3

A long running job (45h) is moved to another pod causing it to restart.

From the logs I can see that the job received a SIGTERM then it was restarted on another pod and probably on another node too.

The informations retrieved in google cloud are not helping. The pages Yaml or events do not describe this event except for the pod creation.

The job Yaml creationTimestamp: 2019-06-15T10:39:25Z

The pod Yaml creationTimestamp: 2019-06-17T13:26:25Z

I use mostly a default configuration 1.12.6-gke.11 with several of nodes and the servers are not preemptible.

Is it a default behavior of k8s ? If it is, how can I disable it ?

1 Answers1

2

Since you've said that you're using cluster autoscaling, I'm going to assume that the pod is getting removed because the cluster is getting scaled in. We saw a similar issue because we're running video transcoding jobs using a 0-scaled node pool (which then scales out as jobs are added).

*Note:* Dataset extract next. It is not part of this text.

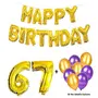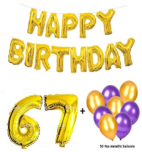 Number 67 Gold Foil Balloon and 50 Nos Purple and Gold Color Latex Balloon and Happy Brthday Gold Fo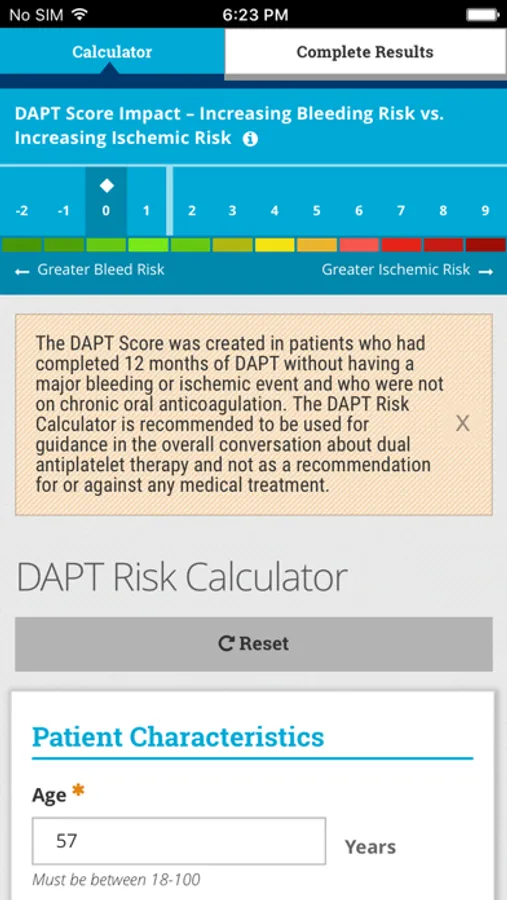 The DAPT Risk Calculator provides decision support for clinicians evaluating the continuation of DAPT therapy for patients at least 12 months post-PCI procedure, and the risk/benefit of continuing or discontinuing DAPT. The App provides a DAPT Risk Score as a numerical value between 0-9 and calculates the % of risk for three end points: stent thrombosis/ myocardial infraction (MI), major adverse cardiovascular and cerebrovascular event (MACCE), and bleeding.

Looking into it, we found the autoscaler documentation about the autoscaler and then modified our jobs accordingly:

What types of pods can prevent CA from removing a node?

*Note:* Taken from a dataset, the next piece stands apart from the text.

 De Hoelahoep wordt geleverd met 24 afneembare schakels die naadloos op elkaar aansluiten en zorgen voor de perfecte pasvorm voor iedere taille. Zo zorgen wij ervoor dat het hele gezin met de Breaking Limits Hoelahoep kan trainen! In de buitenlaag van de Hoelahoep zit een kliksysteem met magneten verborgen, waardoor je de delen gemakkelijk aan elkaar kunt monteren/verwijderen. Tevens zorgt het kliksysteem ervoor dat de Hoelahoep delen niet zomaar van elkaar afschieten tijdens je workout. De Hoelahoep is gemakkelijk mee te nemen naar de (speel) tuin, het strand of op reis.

  • Pods with restrictive PodDisruptionBudget.

  • Kube-system pods that:

    • are not run on the node by default, *
    • don't have a pod disruption budget set or their PDB is too restrictive (since CA 0.6).

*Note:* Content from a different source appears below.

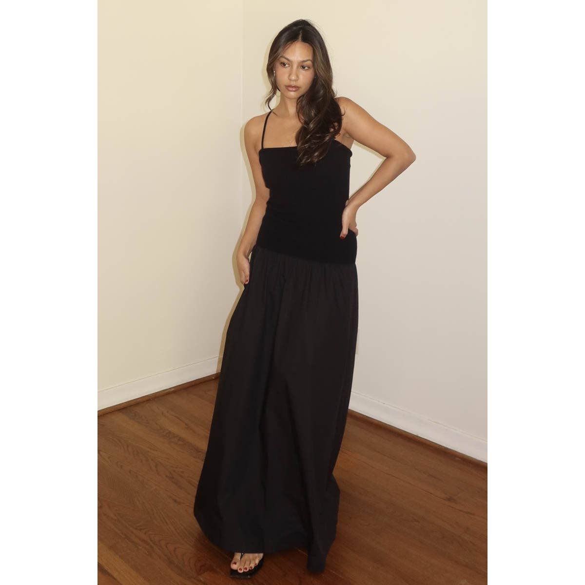 - Floor-length design

Pods that are not backed by a controller object (so not created by deployment, replica set, job, stateful set etc). *

Pods with local storage. *

Pods that cannot be moved elsewhere due to various constraints (lack of resources, non-matching node selectors or affinity, matching anti-affinity, etc)

Pods that have the following annotation set: "cluster-autoscaler.kubernetes.io/safe-to-evict": "false"

It was the last one that did the trick for us. I recommend using this as a starting point.